Такой несчастный персонаж, который, возможно, потратил часы, пытаясь произвести что-то подобное с помощью печально разных средств, измерит разницу между окольными, слабыми описательными знаками респектабельной прозы и непосредственной проекцией фигуры карандашом. Очаровательным рассказчиком, действительно, был бы тот, кто писал бы так, как рисует мистер Эбби. Однако то, что является стилем для одного искусства, является стилем для другого, так благословенно братство, которое связывает их вместе, и работник слова может взять урок у создателя картин «Ночи ошибок». Правда, то, что хотел бы сделать вербальный художник, — это выяснить секрет живописного, напиться из того же источника. Мистер Эбби по сути один из тех, кто сказал бы нам, если бы мог, и провел бы нас к волшебному источнику; но здесь он по природе вещей беспомощен, ибо счастливое ambiente, как называют его итальянцы, в котором движутся его творения, — это как раз то, что, как я полагаю, он меньше всего может объяснить. Это вопрос гения и воображения — одна из тех вещей, которые человек определяет для себя так же мало, как он определяет цвет своих глаз. Как, например, мистер Эбби может объяснить манеру, в которой он непосредственно наблюдает фигуры, сцены, места, которые существуют только в сказочной стране его фантазии? Ибо специфический знак его таланта — это, безусловно, это наблюдение в отдаленном. Оно приближает отдаленное к нам, но какое сложное путешествие оно должно было сначала совершить! Отдаленные во времени (в разной степени), отдаленные в пространстве, отдаленные в чувстве, в привычке и в их окружающей среде — это образы, которые вырываются из его карандаша, и все же так ярко, так детально, так последовательно увиденные! Где он их видит, где он их находит, как он их ловит, и на каком языке он восхитительно беседует с ними? В каких мистических тайниках пространства откровение нисходит на него?

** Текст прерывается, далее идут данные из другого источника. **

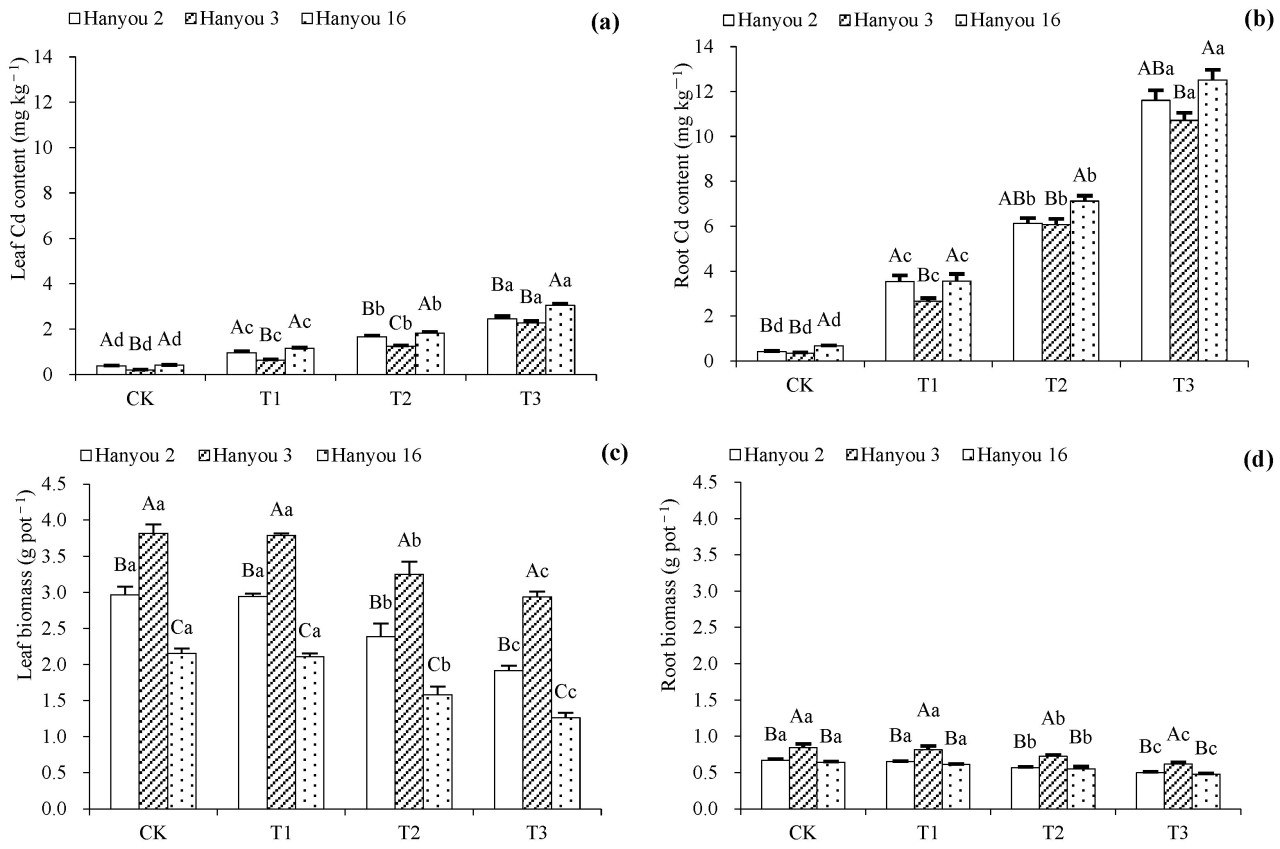 Биомасса листьев и корней трех изучаемых сортов B. napus в целом снижалась с увеличением концентрации Cd (от CK и T1 до T2 и T3) в почвах ( p < 0,05), как показано на рисунке 1 c, d. Биомасса листьев и корней в вариантах T2 и T3 была значительно ниже по сравнению с вариантом CK, тогда как в варианте T1 значительного снижения не наблюдалось ( p < 0,05). Были обнаружены значительные различия в биомассе листьев между сортами ( p < 0,05). Биомасса корней у сорта Hanyou 3 была значительно выше, чем у Hanyou 2 и Hanyou 16 ( p < 0,05). У сорта Hanyou 2 биомасса была выше, чем у Hanyou 16, а у Hanyou 3 в целом была самая высокая биомасса.

Вопросы исходят от обманутого, но озадаченного поклонника, и их содержание достаточно выражает претензию, которую я предъявляю восхитительному художнику, когда говорю, что его правда переплетена с поэзией. Он отвергает буквальное и все же переполнен характерным, и если он делает странное знакомым, он делает знакомое достаточно странным, чтобы быть отличимым. Все так человечно, так юмористично и так поймано на месте, так застегнуто на пуговицы, в юбках и подвязках, что это могло бы быть за углом; и так оно и есть — но угол — это угол другого мира. В том другом мире мистер Эбби отправился жить в крайней молодости, как мне вряд ли нужно утруждать себя напоминанием тем, кто следил за ним в Harper’s. Здесь не важно давать каталог его вкладов в этот журнал: обратитесь к старым томам, и вы встретите его на каждом шагу. Каждый помнит его молодые, пробные, прелюдийные иллюстрации к Геррику, в которых есть самые красивые проблески, догадки и предзнания эффектов, которые он должен был сделать полностью своими. Геррик был сделан в основном, если я не ошибаюсь, до того, как он был в Англии, и он остается, в свете этого факта, необычайно трогательным, а также необычайно многообещающим исполнением. Глаз чувства в таком случае должен был в редкой степени быть глазом ума, и эта конвертируемость двух органов сохранилась.